OSv v0.56.0-5-g247d6837
eth0: 192.168.1.121
Booted up in 0.00 ms
Cmdline: /cli -a http://192.168.1.120:8000
Rest API server running on port 8000
/# dmesg
1 CPUs detected
Firmware vendor: SeaBIOS
bsd: initializing - done
VFS: mounting ramfs at /
VFS: mounting devfs at /dev
net: initializing - done
vga: Add VGA device instance
eth0: ethernet address: 52:54:00:12:34:01
virtio-blk: Add blk device instances 0 as vblk0, devsize=20144128
random: virtio-rng registered as a source.
random: <Software, Yarrow> initialized
VFS: unmounting /dev
VFS: mounting rofs at /rofs
VFS: mounting devfs at /dev
VFS: mounting procfs at /proc
VFS: mounting sysfs at /sys
VFS: mounting ramfs at /tmp
Running from /init/30-auto-03: /libhttpserver-api.so &!
/usr/lib/libbsd.so.0: ignoring missing symbol fopencookie
/usr/lib/libbsd.so.0: ignoring missing symbol warnx
/usr/lib/libbsd.so.0: ignoring missing symbol sigpending
httpserver: loaded plugin from path: /usr/mgmt/plugins/libhttpserver-api_api.so
random: device unblocked.
httpserver: loaded plugin from path: /usr/mgmt/plugins/libhttpserver-api_app.so
httpserver: loaded plugin from path: /usr/mgmt/plugins/libhttpserver-api_env.so
httpserver: loaded plugin from path: /usr/mgmt/plugins/libhttpserver-api_file.so
httpserver: loaded plugin from path: /usr/mgmt/plugins/libhttpserver-api_fs.so
httpserver: loaded plugin from path: /usr/mgmt/plugins/libhttpserver-api_hardware.so
httpserver: loaded plugin from path: /usr/mgmt/plugins/libhttpserver-api_network.so
httpserver: loaded plugin from path: /usr/mgmt/plugins/libhttpserver-api_os.so
httpserver: loaded plugin from path: /usr/mgmt/plugins/libhttpserver-api_trace.so
sysconf(): stubbed for parameter 43

/# 
"

As you can see I would assign the IP 192.168.1.120 to the 1st OSv instance and 192.168.1.121 to the 2nd one and then pass the opposite as "-a" argument so that cli on each instance could communicate with each other.

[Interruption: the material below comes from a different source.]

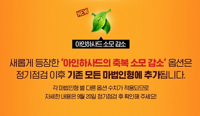 우선 신규 마법인형으로, 전설 등급은 '데몬', '얼음여왕'이 추가되며, 영웅 등급은 '아이리스', '뱀파이어', '머미로드'를 새롭게 선보인다. 데몬과 얼음여왕의 경우 경험치 보너스 20%와 무게 보너스 +2000, 아인하사드 소모 감소 18%가 공통적인 옵션이며, 데몬은 여기에 근거리 명중 +2, 스턴 내성 +10, 스턴 적중 +8%가 추가된다. 이에 반해 얼음여왕은 우 활을 주무기로 하는 요정에게 효과적인 원거리 대미지 +5와 원거리 명중 +5가 부여돼 있다.

Finally, another key thing is to make sure that you use unique MAC addresses for each OSv instance (please note --mac argument). The 1st one uses 52:54:00:12:34:01 and the 2nd 52:54:00:12:34:02 in my case.

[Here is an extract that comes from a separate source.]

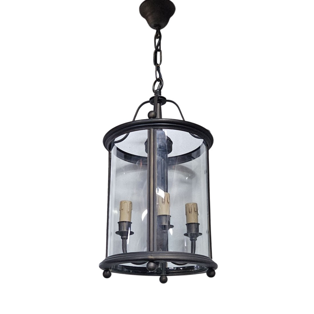 Farol de latón 4 caras con cristal transparente acabado cuero oscuro.

Lastly, I will try to update some of the wiki pages especially the one about running OSv on VBox, and maybe add a new one giving more details about the networking setup.

Waldek

BTW I still think it should be possible to run OSv on Virtual Box directly and have those instances communicate to each other if that is what you are interested in. I think there may be some documentation issues we need to overcome.